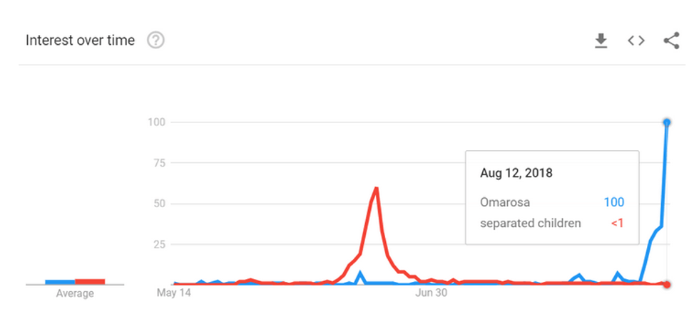 Legum goes on to point to a Google Trends chart showing levels of interest in the children separated from their parents by the Trump administration's so-called zero tolerance policy--which a 99-year-old Nuremberg prosecutor called "a crime against humanity"--compared to interest in the Omarosa story.
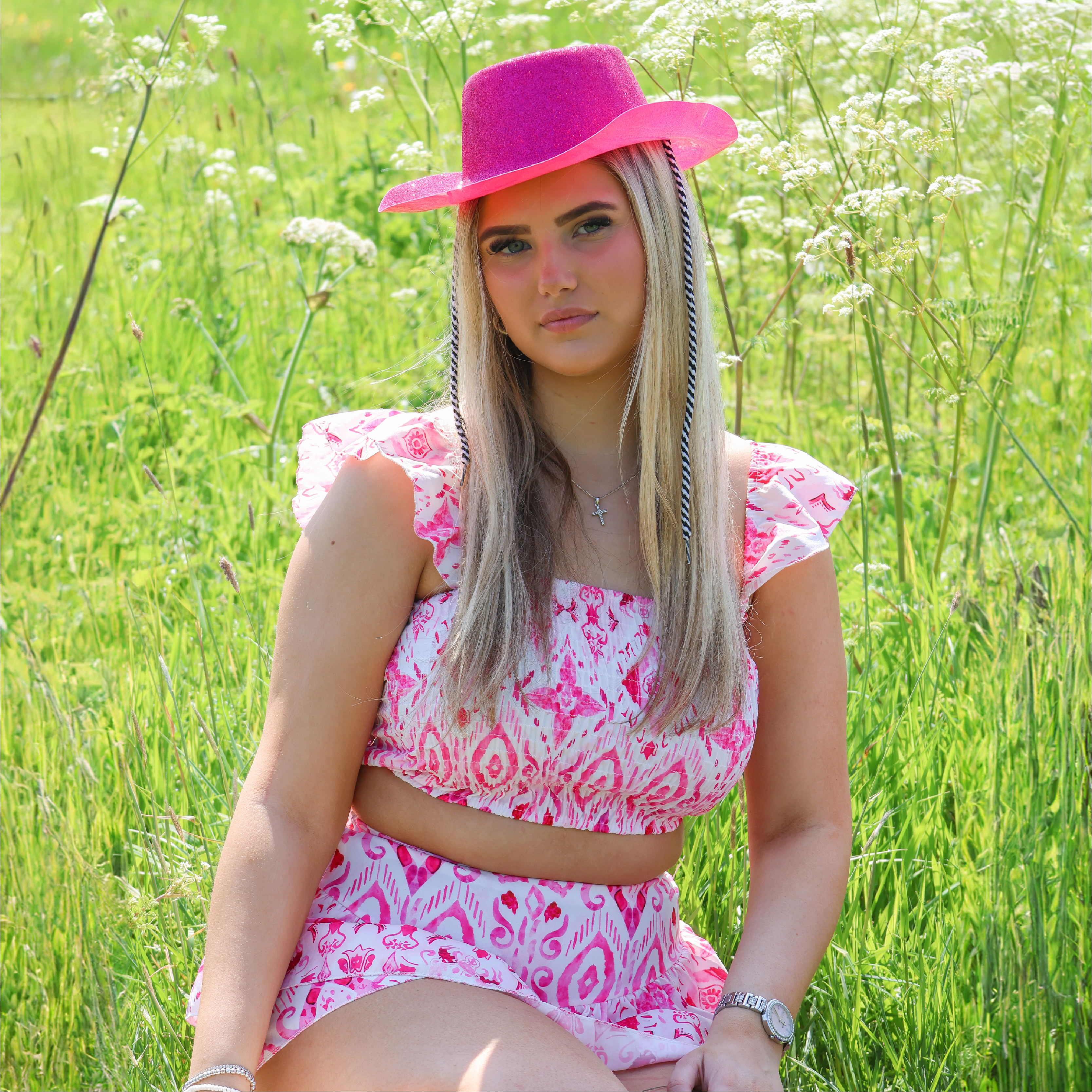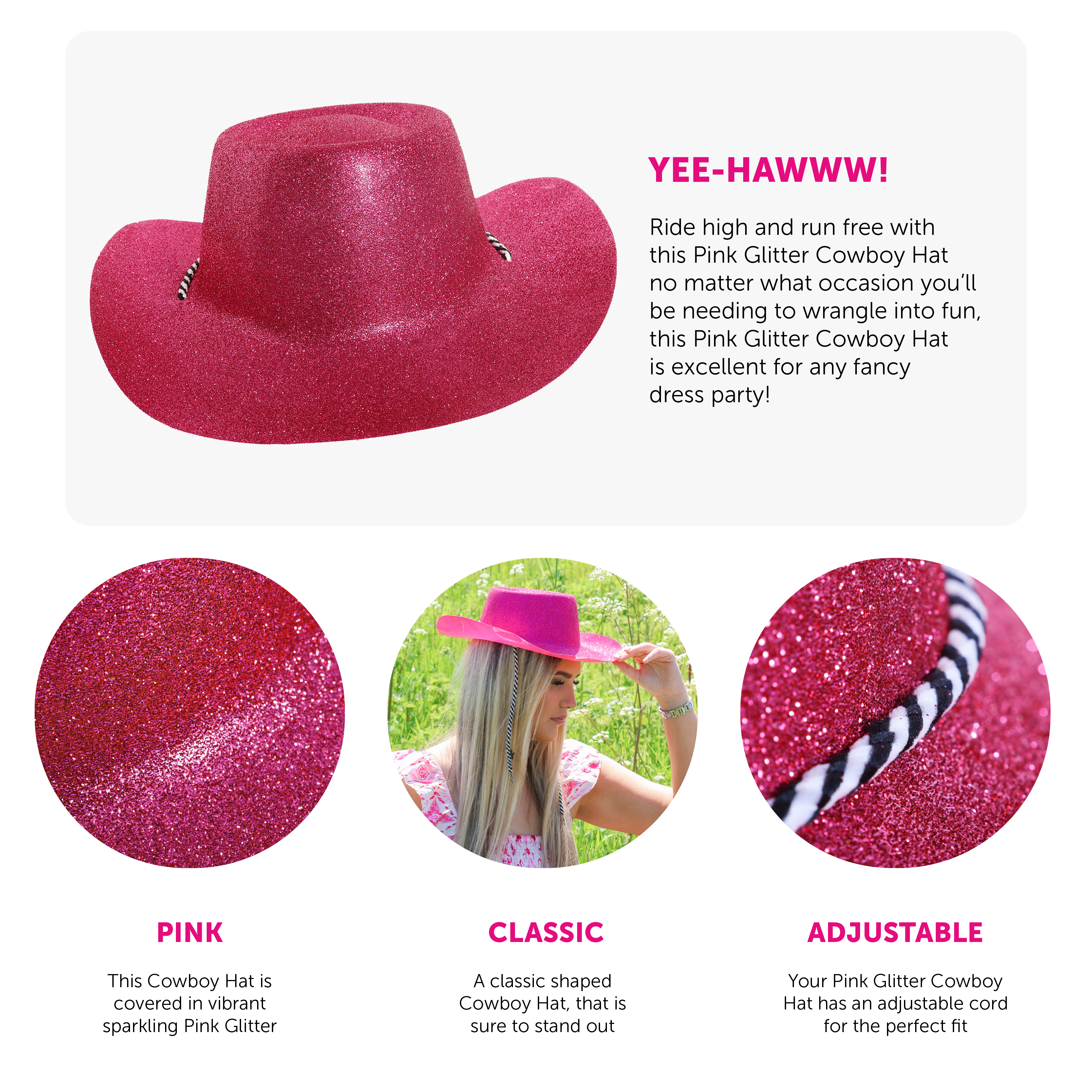 PINK GLITTER COWBOY HAT: Ride high and run free with this Pink Glitter Cowboy Hat no matter what occasion you’ll be needing to wrangle into fun, this Pink Glitter Cowboy Hat is excellent for any fancy dress party!
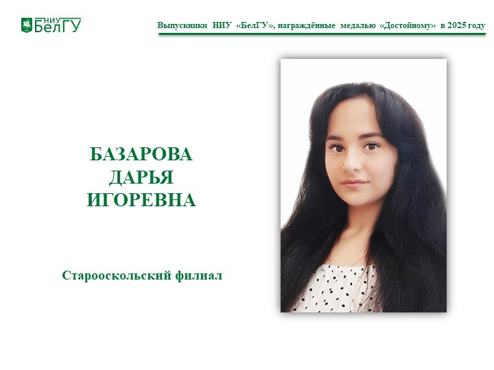 Базарова Дарья Игоревна, выпускница Старооскольского филиала НИУ «БелГУ»
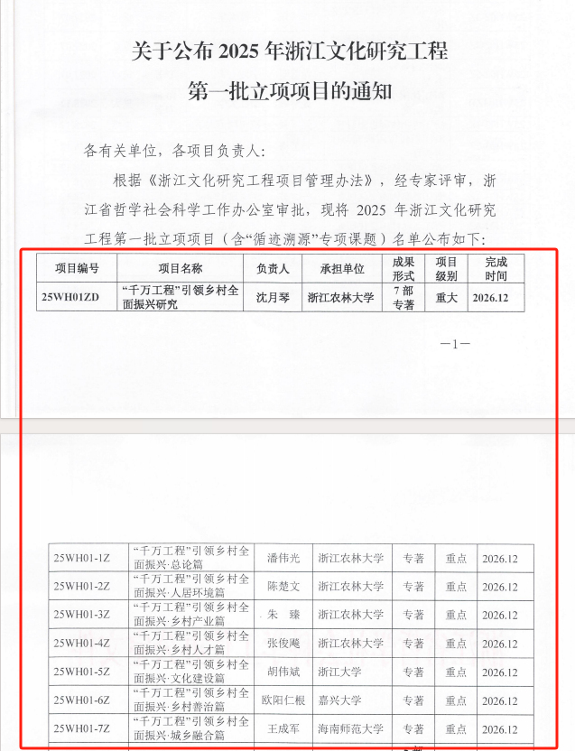 近日,浙江省哲学社会科学工作办公室公布了2025年浙江文化研究工程第一批立项项目名单,由我院沈月琴教授主持的《“千万工程”引领乡村全面振兴研究》课题(项目编号:25WH01ZD)成功立项,项目级别为重大。
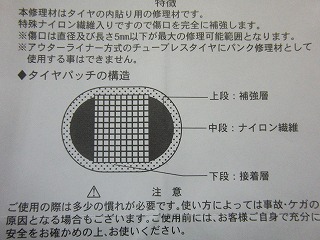 何とも長くて要を得ないネーミングですが、要するに今までのパンク修理パッチがチューブに貼るものであったのと異なり、タイヤの内側に貼ることができるパッチのセットです。ナイロン繊維入りなのでタイヤにかかる内圧に耐えて裂け穴をふさぐことができます(クリンチャーの場合チューブが穴からはみ出るのを防ぎます)。またTLであれば気密性を回復します。
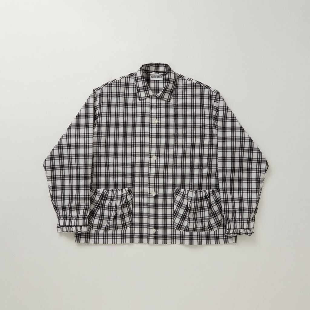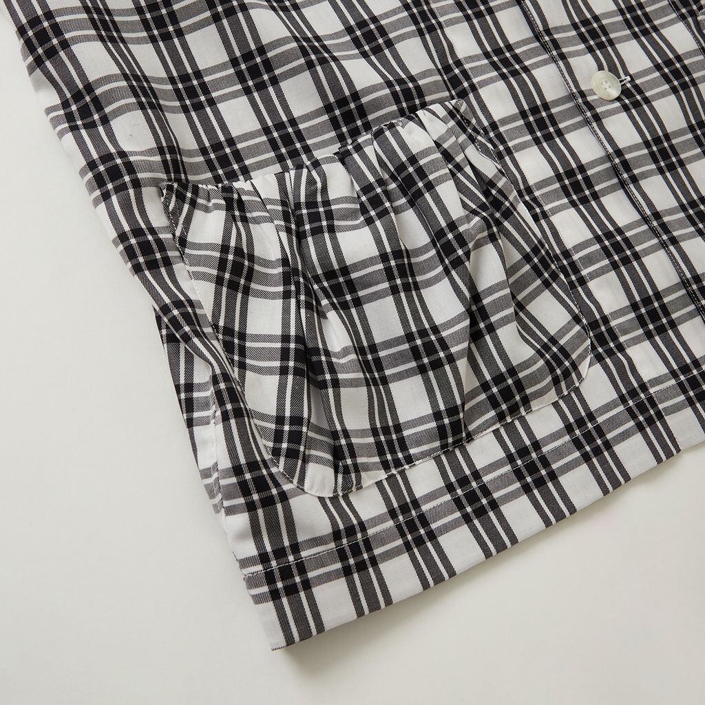 -袖のフリルとポケットのプリーツが特徴的なチェックシャツ。

::::

Aim of the exercise:
With the pictures left out, output the lines from the one containing "PINK GLITTER COWBOY HAT: Ride" through the last line of the records above, exactly as they are.

Answer section:
 PINK GLITTER COWBOY HAT: Ride high and run free with this Pink Glitter Cowboy Hat no matter what occasion you’ll be needing to wrangle into fun, this Pink Glitter Cowboy Hat is excellent for any fancy dress party!
 Базарова Дарья Игоревна, выпускница Старооскольского филиала НИУ «БелГУ»
 近日,浙江省哲学社会科学工作办公室公布了2025年浙江文化研究工程第一批立项项目名单,由我院沈月琴教授主持的《“千万工程”引领乡村全面振兴研究》课题(项目编号:25WH01ZD)成功立项,项目级别为重大。
 何とも長くて要を得ないネーミングですが、要するに今までのパンク修理パッチがチューブに貼るものであったのと異なり、タイヤの内側に貼ることができるパッチのセットです。ナイロン繊維入りなのでタイヤにかかる内圧に耐えて裂け穴をふさぐことができます(クリンチャーの場合チューブが穴からはみ出るのを防ぎます)。またTLであれば気密性を回復します。
 -袖のフリルとポケットのプリーツが特徴的なチェックシャツ。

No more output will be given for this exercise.